A furious Commissioner Larry Lechmanski said Monday that the drawing had been posted on Facebook by Mr. Harms. When asked about the picture earlier this week, Mr. Harms said he wasn’t aware of any posting of a picture on Facebook.

It turns out  the picture wasn’t posted on Facebook, but was distributed to many Islanders via email by Mr. Harms with accompanying text.

UPDATE: The picture wasn’t created to mislead anyone, Mr. Harms said later, but to reflect information offered at the February 24 Fire Commissioners meeting that suggested a new tower could be as high as 140 to 160 feet and the aim was to reflect that height compared with the firehouse, not to imply that the tower would be located next to or in front of the building.

What concerns Mr. Harms is that any proposal that might come forward — and none are on the table at the present time — should be evaluated by an independent engineer with the expertise to provide “impartial advice.” He also wants an engineer to determine if there might be other solutions to providing clear communications without erection of a second tower.

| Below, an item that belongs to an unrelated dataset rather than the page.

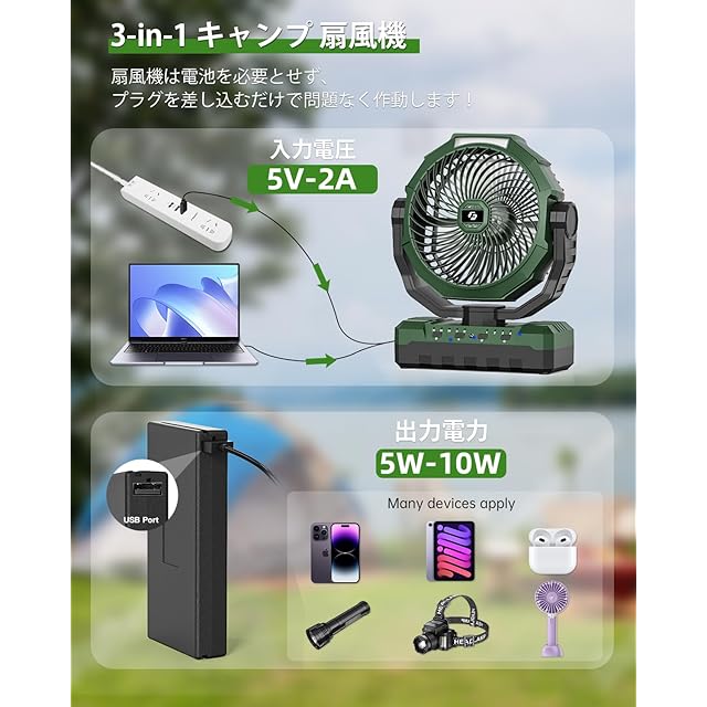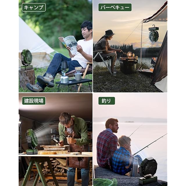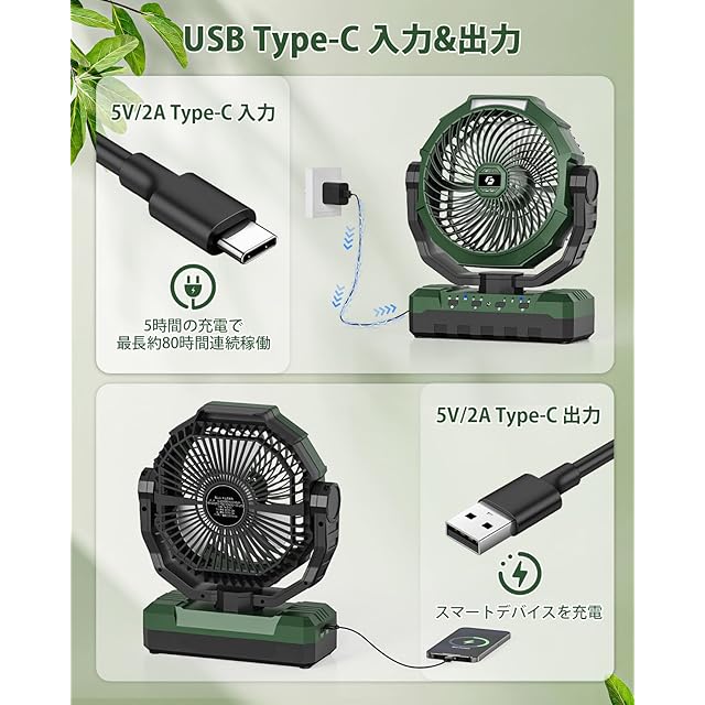 【4段階風量調節可能&モバイルバッテリーとして】キャンプ 扇風機の風力は4段階で切り替え可能。使用時はお好みに合わせて自由に風量を調節できます。また、 このキャンプ 扇風機はType-C型充電ポートを搭載しており、電力を消費している携帯電話やガジェットに簡単に電力を供給することができます。緊急停電時のキャンプ用品として最適です。

And he points out that the engineer’s services would have to be funded by a developer seeking a permit to put up a tower, according to town code.

 “Retaining an independent engineer will be critical in determining whether this proposal makes any sense or is permitted under the town code,” Mr. Harms said.

Mr. Lechmanski has since indicated that a new tower might be 120 feet — the same as the height of the tower at the town Recycling Center. Mr. Lechmanski explained that even though there is room for another emergency services antenna on that tower, the growth of trees and development of houses in the area mean that signals from the recycling center can’t reach the Hay Beach and Ram Island areas.

In his email, Mr. Harms wrote that the picture was a “computer rendering of a macro tower at the Cobbetts Lane station. It will give you a sense of the possibilities,” he wrote. In crediting Mr. Morgan with the drawing, Mr. Harms said he is “wonderfully good at design and drawing.”

At issue for Mr. Lechmanski is that the rendering misrepresents what might be considered at the site in terms of both its height and location. At the March 24 commissioners meeting, Mr. Lechmanski said the drawing was designed to upset people. It looks nothing like what Ed Mooney of East Islip-based Highlander described to the commissioners at a January meeting. He proposed an approximately 120-foot tower, not the seemingly 200-foot tower shown in the picture Mr. Harms distributed.

What’s more, Mr. Mooney’s construction would look like a white flagpole from which an American flag could be flown and antennae would be contained within the tower, not jutting out at all angles, as it appears in Mr. Morgan’s picture.

And while the picture shows a tower in front of the firehouse, if one is eventually constructed there, it would be situated behind the firehouse in line with town code that requires towers to be in a position where they can’t hit any adjoining property if they fall.

COURTESY PHOTO |     This picture is more typical of the type of tower the commissioners would consider, Mr. Lechmanski said.

COURTESY PHOTO | This picture is more typical of the type of tower the commissioners would consider, Mr. Lechmanski said.

While Mr. Mooney met briefly with the fire commissioners in January, he made no formal proposal and hasn’t been back to a meeting since. He has been invited along with a representative of a second cell tower installation company to come to an April 28 meeting.

Mr. Mooney said what brought him to Shelter Island to search for a second tower site — his company constructed the tower at the town Recycling Center — were complaints from Hay Beach and Ram Island residents about a lack of reliable cell phone service in the area. But fire commissioners said their interest is motivated by spotty service for emergency workers in those areas and the anticipated need for a tower that could accommodate high band service to which Southold and Suffolk County are converting. Those two provide dispatching services for the Island as well as calls for mutual aid.

Currently, there is no formal proposal pending before the commission and should there be, it would still ultimately fall to the Town Board for review to ensure that any new tower met with the municipal code requirements.